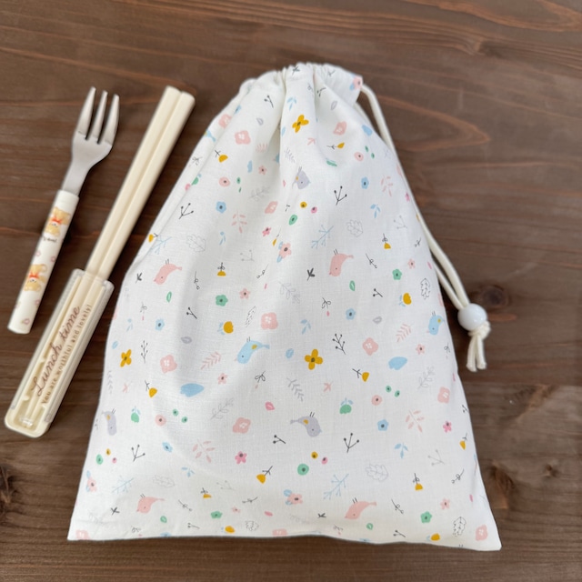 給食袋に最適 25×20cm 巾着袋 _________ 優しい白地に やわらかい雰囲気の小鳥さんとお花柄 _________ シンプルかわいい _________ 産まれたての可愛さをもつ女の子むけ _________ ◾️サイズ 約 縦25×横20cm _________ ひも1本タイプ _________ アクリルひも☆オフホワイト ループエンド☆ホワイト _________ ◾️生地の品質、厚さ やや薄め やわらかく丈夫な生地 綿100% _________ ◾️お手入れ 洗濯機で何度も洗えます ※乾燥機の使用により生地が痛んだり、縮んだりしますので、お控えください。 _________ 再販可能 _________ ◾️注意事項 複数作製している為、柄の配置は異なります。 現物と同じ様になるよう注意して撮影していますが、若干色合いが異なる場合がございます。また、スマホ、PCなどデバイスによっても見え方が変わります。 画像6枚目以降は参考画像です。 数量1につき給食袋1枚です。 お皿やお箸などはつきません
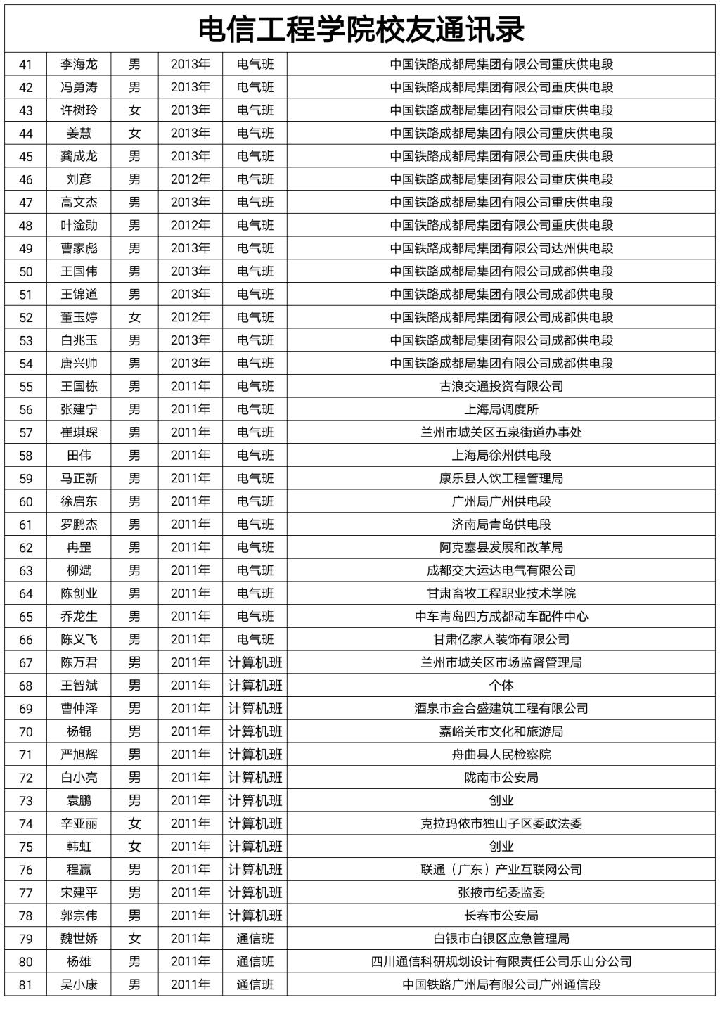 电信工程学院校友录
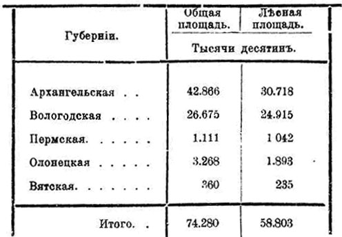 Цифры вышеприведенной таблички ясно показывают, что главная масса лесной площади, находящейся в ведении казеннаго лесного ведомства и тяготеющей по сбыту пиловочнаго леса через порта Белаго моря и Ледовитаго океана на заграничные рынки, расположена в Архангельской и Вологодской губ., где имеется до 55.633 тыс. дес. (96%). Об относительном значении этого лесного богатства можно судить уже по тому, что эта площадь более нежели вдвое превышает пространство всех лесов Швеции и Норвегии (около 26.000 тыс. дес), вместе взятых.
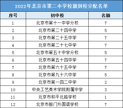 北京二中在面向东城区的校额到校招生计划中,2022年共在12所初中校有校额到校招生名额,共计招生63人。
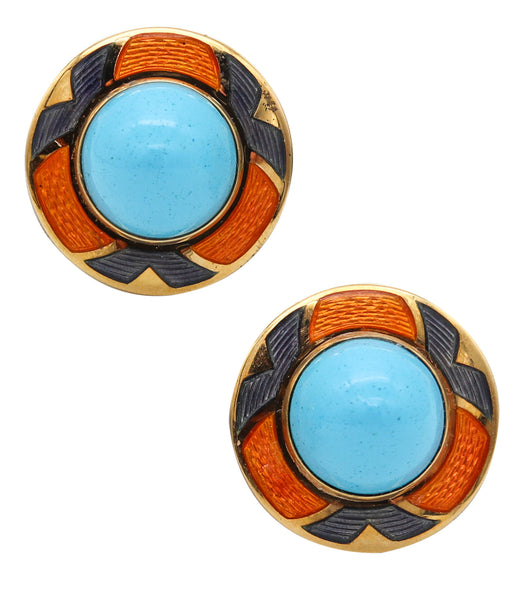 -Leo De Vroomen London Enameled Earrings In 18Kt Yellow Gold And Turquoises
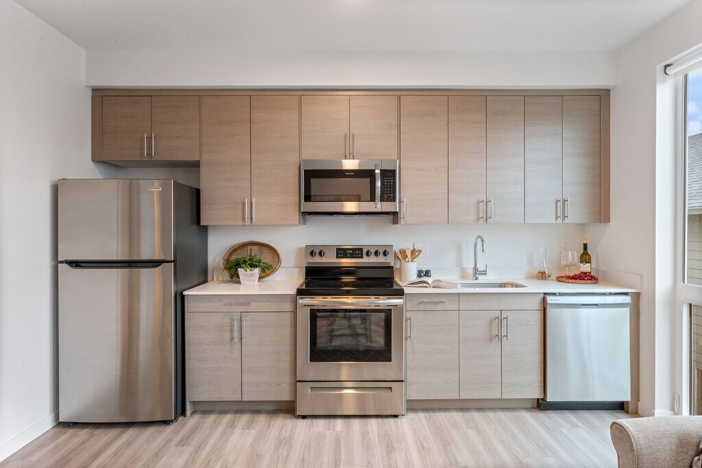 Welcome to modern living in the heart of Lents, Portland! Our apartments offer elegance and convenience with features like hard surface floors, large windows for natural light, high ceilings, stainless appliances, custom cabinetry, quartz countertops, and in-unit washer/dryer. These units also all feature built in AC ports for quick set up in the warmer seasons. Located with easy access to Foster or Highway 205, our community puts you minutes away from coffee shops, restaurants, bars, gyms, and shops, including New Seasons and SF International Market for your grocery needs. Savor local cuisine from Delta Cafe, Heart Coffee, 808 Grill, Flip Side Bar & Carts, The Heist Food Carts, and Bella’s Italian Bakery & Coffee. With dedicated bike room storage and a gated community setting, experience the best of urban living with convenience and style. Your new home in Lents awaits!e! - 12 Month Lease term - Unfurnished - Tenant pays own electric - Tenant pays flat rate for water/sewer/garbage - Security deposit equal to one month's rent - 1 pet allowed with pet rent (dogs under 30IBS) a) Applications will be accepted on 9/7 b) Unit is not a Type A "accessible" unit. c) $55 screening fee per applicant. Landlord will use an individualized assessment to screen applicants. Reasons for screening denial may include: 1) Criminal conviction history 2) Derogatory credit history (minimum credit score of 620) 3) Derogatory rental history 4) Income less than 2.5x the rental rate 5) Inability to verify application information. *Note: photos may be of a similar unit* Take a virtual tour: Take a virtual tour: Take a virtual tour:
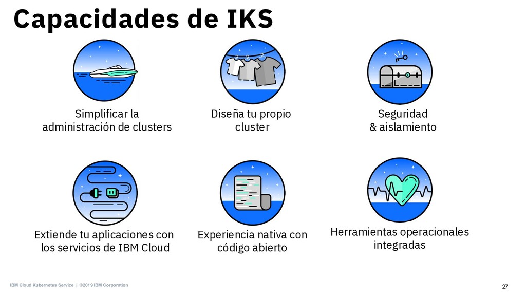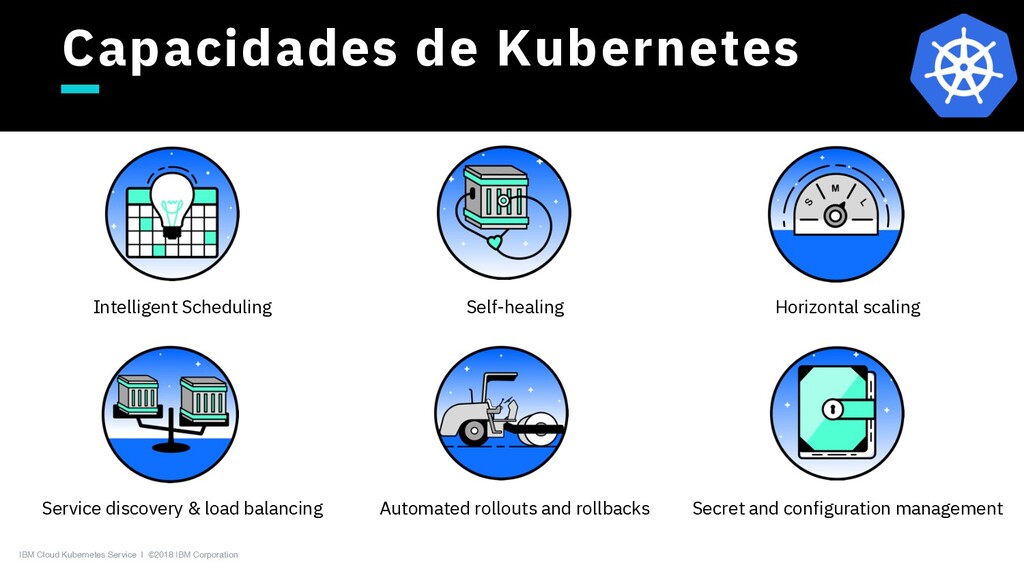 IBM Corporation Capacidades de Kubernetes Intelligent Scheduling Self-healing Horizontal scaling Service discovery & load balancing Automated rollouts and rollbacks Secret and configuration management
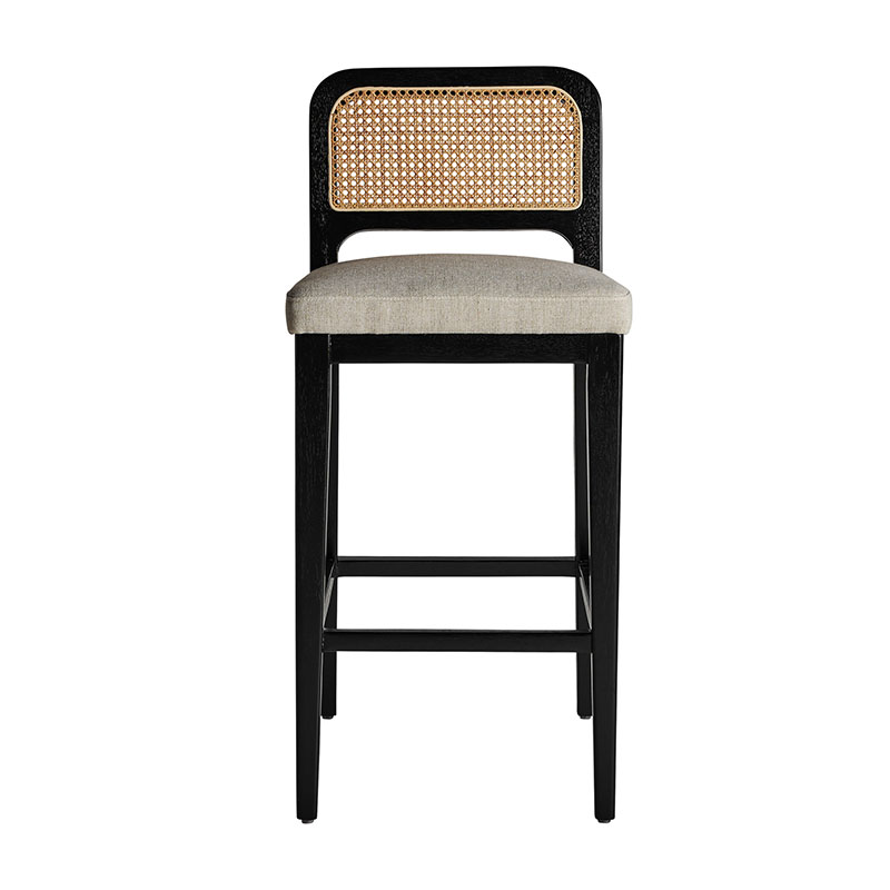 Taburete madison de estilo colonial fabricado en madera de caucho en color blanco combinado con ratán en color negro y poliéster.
—————
**Exercise goal**. Please output only the lines running from the one that holds "IBM Corporation Capacidades" through the last line of the entries, both ends included, without any images.

**Result of this exercise**.
 IBM Corporation Capacidades de Kubernetes Intelligent Scheduling Self-healing Horizontal scaling Service discovery & load balancing Automated rollouts and rollbacks Secret and configuration management
 Taburete madison de estilo colonial fabricado en madera de caucho en color blanco combinado con ratán en color negro y poliéster.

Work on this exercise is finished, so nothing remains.